### Assignment
Set down, exactly as written, the line containing "In this back" and all the lines that follow it to the end of the entries below, omitting every picture.

### Stored items from a collection
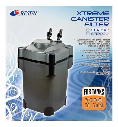 EF-1200UV - Filtro Canister Resun con Luz UV para Acuarios de hasta 500 Litros
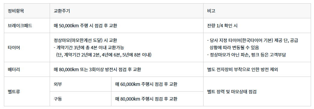 • 브레이크 패드: 평균 40,000km마다 교체. 30,000km 이하에서도 급제동이 많으면 수시 점검 필요.
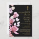 Denna svarta och guldfärgade eleganta rosa blomster kristna firande av liv och minne inbjudan kan anpassas med din information i klassisk typografi och ett foto av den avlidne på baksidan. Designad av Thisisnotme
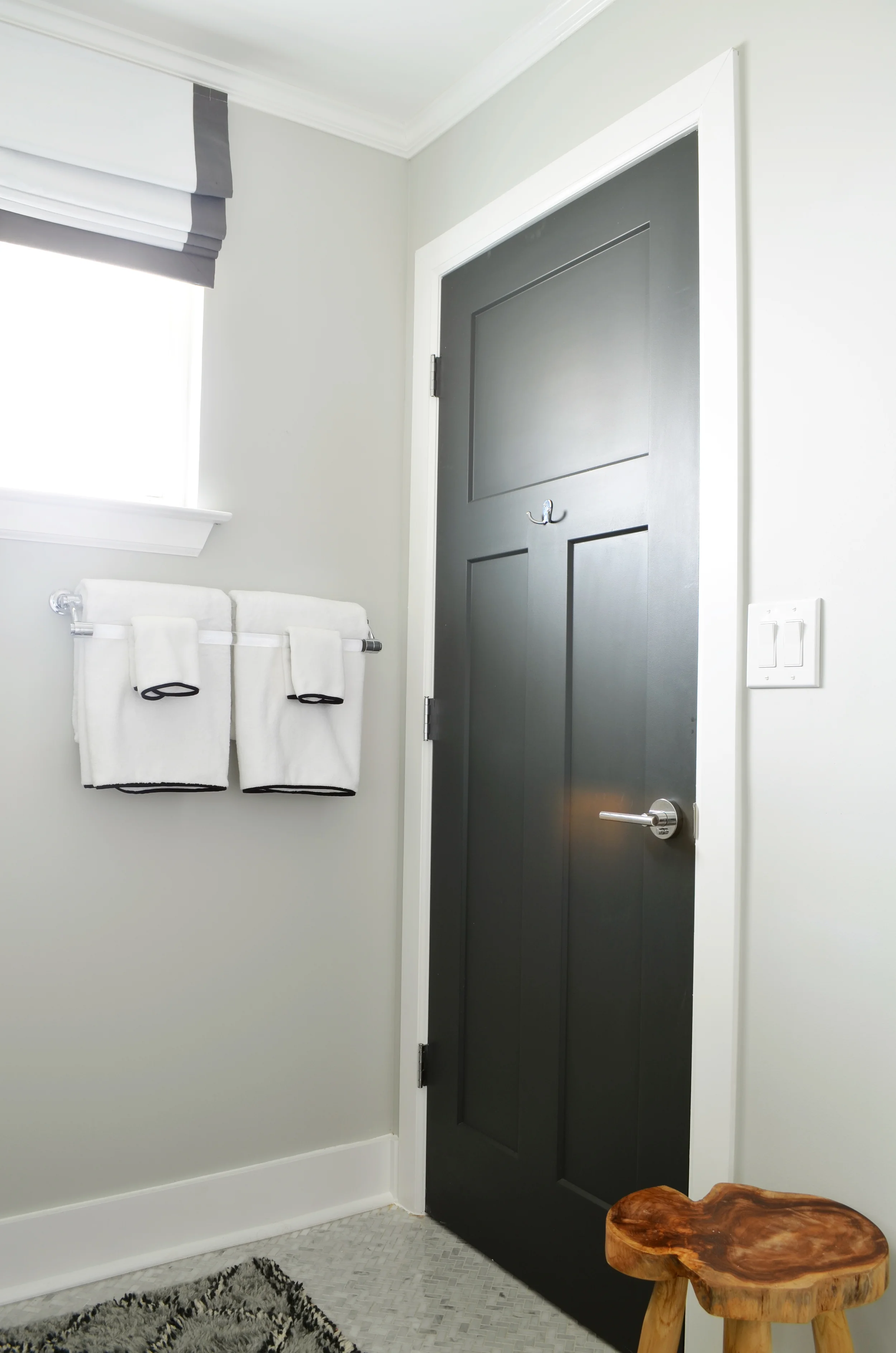 In this back corner we removed an awful bright blue pocket door and added a double towel rod.
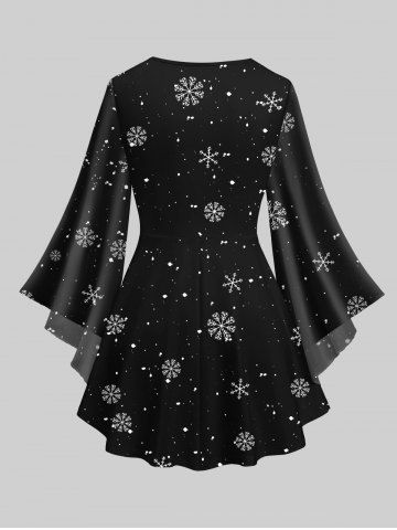 Plus Size Christmas Snowflake Street Lamp Santa Clause Bear Print Lattice Crisscross Flare Sleeve T-shirt - Black - 1x
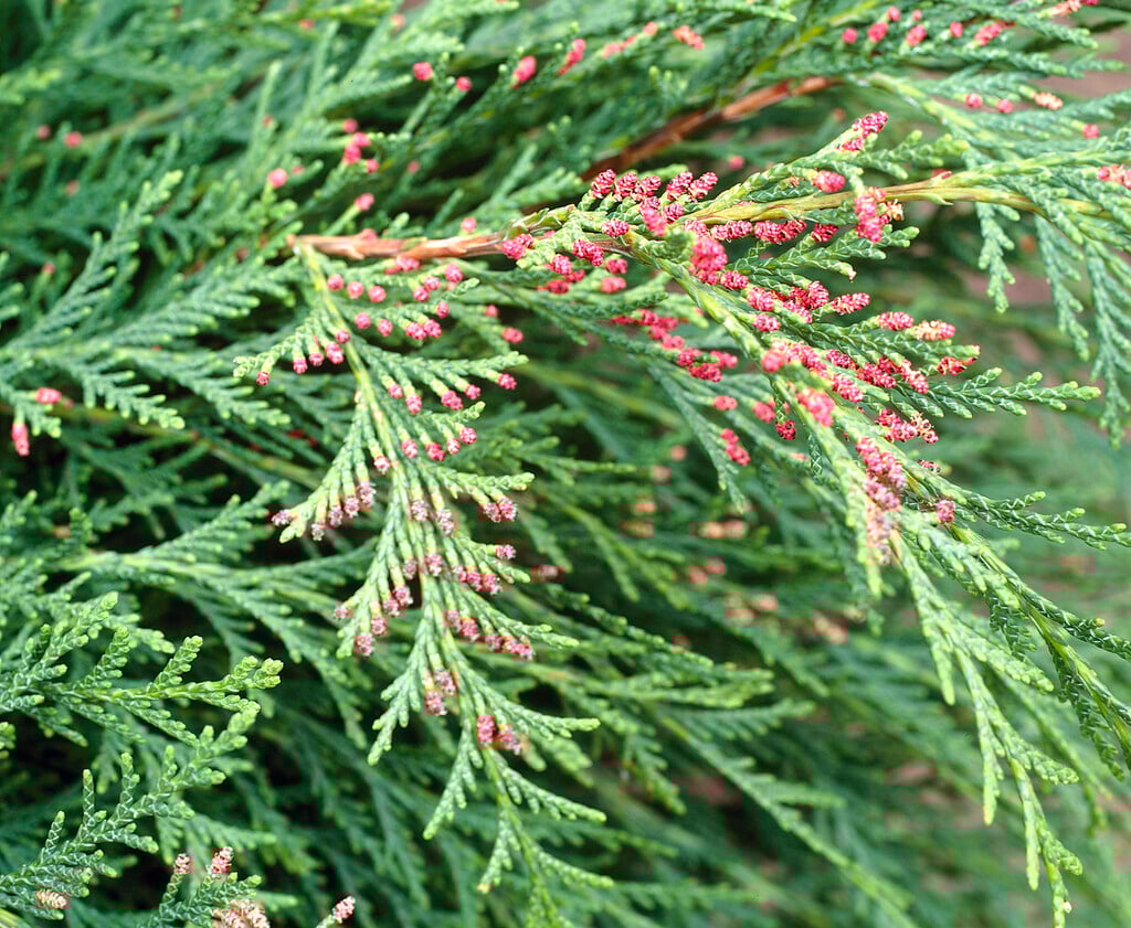 Chamaecyparis are evergreen trees, usually of narrowly ovoid or columnar outline, with much-branched sprays of small scale-like leaves, and small, globose cones; tiny red male cones are conspicuous in a few cultivars

### Task result
 In this back corner we removed an awful bright blue pocket door and added a double towel rod.
 Plus Size Christmas Snowflake Street Lamp Santa Clause Bear Print Lattice Crisscross Flare Sleeve T-shirt - Black - 1x
 Chamaecyparis are evergreen trees, usually of narrowly ovoid or columnar outline, with much-branched sprays of small scale-like leaves, and small, globose cones; tiny red male cones are conspicuous in a few cultivars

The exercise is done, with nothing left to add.